_What is required_
Make an exact copy of each entry, leaving out every picture.

_Records shown_
+ + + +

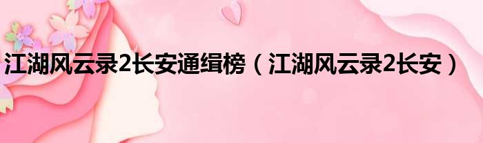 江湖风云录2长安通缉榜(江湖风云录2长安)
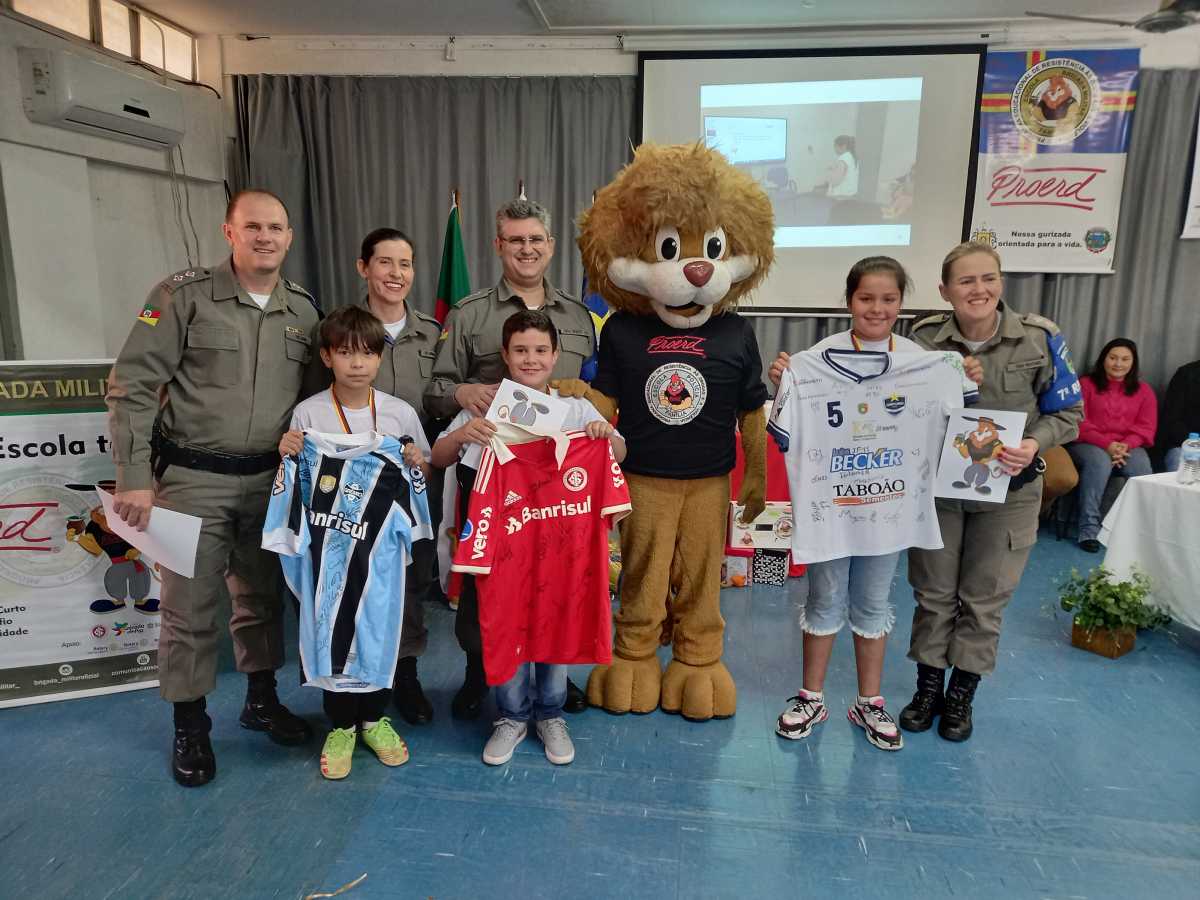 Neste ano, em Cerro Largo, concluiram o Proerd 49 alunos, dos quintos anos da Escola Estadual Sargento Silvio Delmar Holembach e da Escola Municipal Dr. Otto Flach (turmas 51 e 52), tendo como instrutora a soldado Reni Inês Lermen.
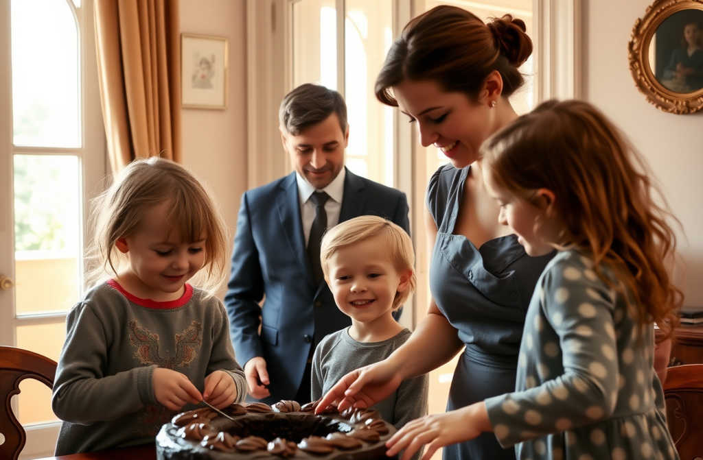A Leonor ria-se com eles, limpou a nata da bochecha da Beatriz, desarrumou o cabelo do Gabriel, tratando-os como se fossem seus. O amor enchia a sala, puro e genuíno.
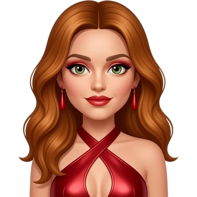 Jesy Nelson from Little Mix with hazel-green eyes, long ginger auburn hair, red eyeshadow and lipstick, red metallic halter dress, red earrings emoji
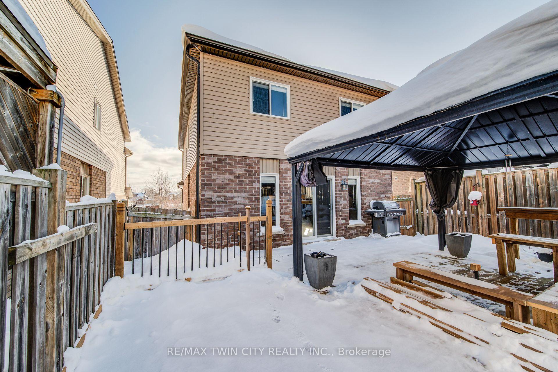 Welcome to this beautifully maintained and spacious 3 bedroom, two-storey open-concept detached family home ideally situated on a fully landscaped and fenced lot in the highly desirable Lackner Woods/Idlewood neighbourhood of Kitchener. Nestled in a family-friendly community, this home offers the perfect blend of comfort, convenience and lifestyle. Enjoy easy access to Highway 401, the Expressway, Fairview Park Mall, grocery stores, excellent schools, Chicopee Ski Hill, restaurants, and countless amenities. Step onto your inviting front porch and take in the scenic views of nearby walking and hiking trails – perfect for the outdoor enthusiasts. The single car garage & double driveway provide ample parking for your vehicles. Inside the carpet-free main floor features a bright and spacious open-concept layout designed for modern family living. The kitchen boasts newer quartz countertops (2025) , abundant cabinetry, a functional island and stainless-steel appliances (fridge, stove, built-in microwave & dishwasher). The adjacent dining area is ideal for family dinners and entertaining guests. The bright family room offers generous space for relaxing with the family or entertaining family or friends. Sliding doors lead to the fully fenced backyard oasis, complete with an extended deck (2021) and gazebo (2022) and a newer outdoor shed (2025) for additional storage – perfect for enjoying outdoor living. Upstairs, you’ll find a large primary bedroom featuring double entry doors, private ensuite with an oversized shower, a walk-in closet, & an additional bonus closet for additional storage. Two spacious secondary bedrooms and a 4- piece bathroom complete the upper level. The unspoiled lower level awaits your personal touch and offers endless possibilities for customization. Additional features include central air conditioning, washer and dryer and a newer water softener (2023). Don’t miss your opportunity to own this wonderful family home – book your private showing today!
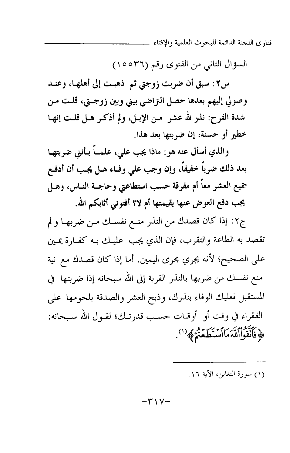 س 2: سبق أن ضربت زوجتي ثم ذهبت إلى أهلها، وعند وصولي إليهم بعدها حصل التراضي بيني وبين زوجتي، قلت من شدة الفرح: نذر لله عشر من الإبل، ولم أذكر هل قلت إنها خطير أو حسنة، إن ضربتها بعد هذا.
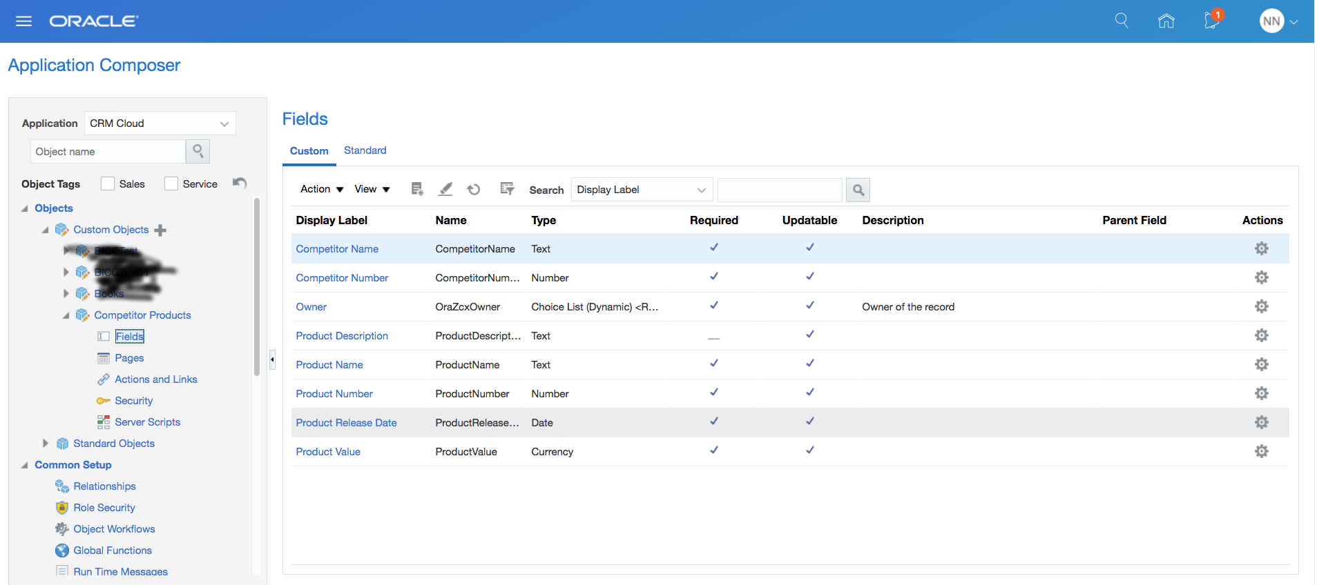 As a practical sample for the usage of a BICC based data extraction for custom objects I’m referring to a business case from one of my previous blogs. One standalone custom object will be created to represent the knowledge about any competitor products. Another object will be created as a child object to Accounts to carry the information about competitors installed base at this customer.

+ + + +

_Response for this exercise_
 江湖风云录2长安通缉榜(江湖风云录2长安)
 Neste ano, em Cerro Largo, concluiram o Proerd 49 alunos, dos quintos anos da Escola Estadual Sargento Silvio Delmar Holembach e da Escola Municipal Dr. Otto Flach (turmas 51 e 52), tendo como instrutora a soldado Reni Inês Lermen.
A Leonor ria-se com eles, limpou a nata da bochecha da Beatriz, desarrumou o cabelo do Gabriel, tratando-os como se fossem seus. O amor enchia a sala, puro e genuíno.
 Jesy Nelson from Little Mix with hazel-green eyes, long ginger auburn hair, red eyeshadow and lipstick, red metallic halter dress, red earrings emoji
 Welcome to this beautifully maintained and spacious 3 bedroom, two-storey open-concept detached family home ideally situated on a fully landscaped and fenced lot in the highly desirable Lackner Woods/Idlewood neighbourhood of Kitchener. Nestled in a family-friendly community, this home offers the perfect blend of comfort, convenience and lifestyle. Enjoy easy access to Highway 401, the Expressway, Fairview Park Mall, grocery stores, excellent schools, Chicopee Ski Hill, restaurants, and countless amenities. Step onto your inviting front porch and take in the scenic views of nearby walking and hiking trails – perfect for the outdoor enthusiasts. The single car garage & double driveway provide ample parking for your vehicles. Inside the carpet-free main floor features a bright and spacious open-concept layout designed for modern family living. The kitchen boasts newer quartz countertops (2025) , abundant cabinetry, a functional island and stainless-steel appliances (fridge, stove, built-in microwave & dishwasher). The adjacent dining area is ideal for family dinners and entertaining guests. The bright family room offers generous space for relaxing with the family or entertaining family or friends. Sliding doors lead to the fully fenced backyard oasis, complete with an extended deck (2021) and gazebo (2022) and a newer outdoor shed (2025) for additional storage – perfect for enjoying outdoor living. Upstairs, you’ll find a large primary bedroom featuring double entry doors, private ensuite with an oversized shower, a walk-in closet, & an additional bonus closet for additional storage. Two spacious secondary bedrooms and a 4- piece bathroom complete the upper level. The unspoiled lower level awaits your personal touch and offers endless possibilities for customization. Additional features include central air conditioning, washer and dryer and a newer water softener (2023). Don’t miss your opportunity to own this wonderful family home – book your private showing today!
 س 2: سبق أن ضربت زوجتي ثم ذهبت إلى أهلها، وعند وصولي إليهم بعدها حصل التراضي بيني وبين زوجتي، قلت من شدة الفرح: نذر لله عشر من الإبل، ولم أذكر هل قلت إنها خطير أو حسنة، إن ضربتها بعد هذا.
 As a practical sample for the usage of a BICC based data extraction for custom objects I’m referring to a business case from one of my previous blogs. One standalone custom object will be created to represent the knowledge about any competitor products. Another object will be created as a child object to Accounts to carry the information about competitors installed base at this customer.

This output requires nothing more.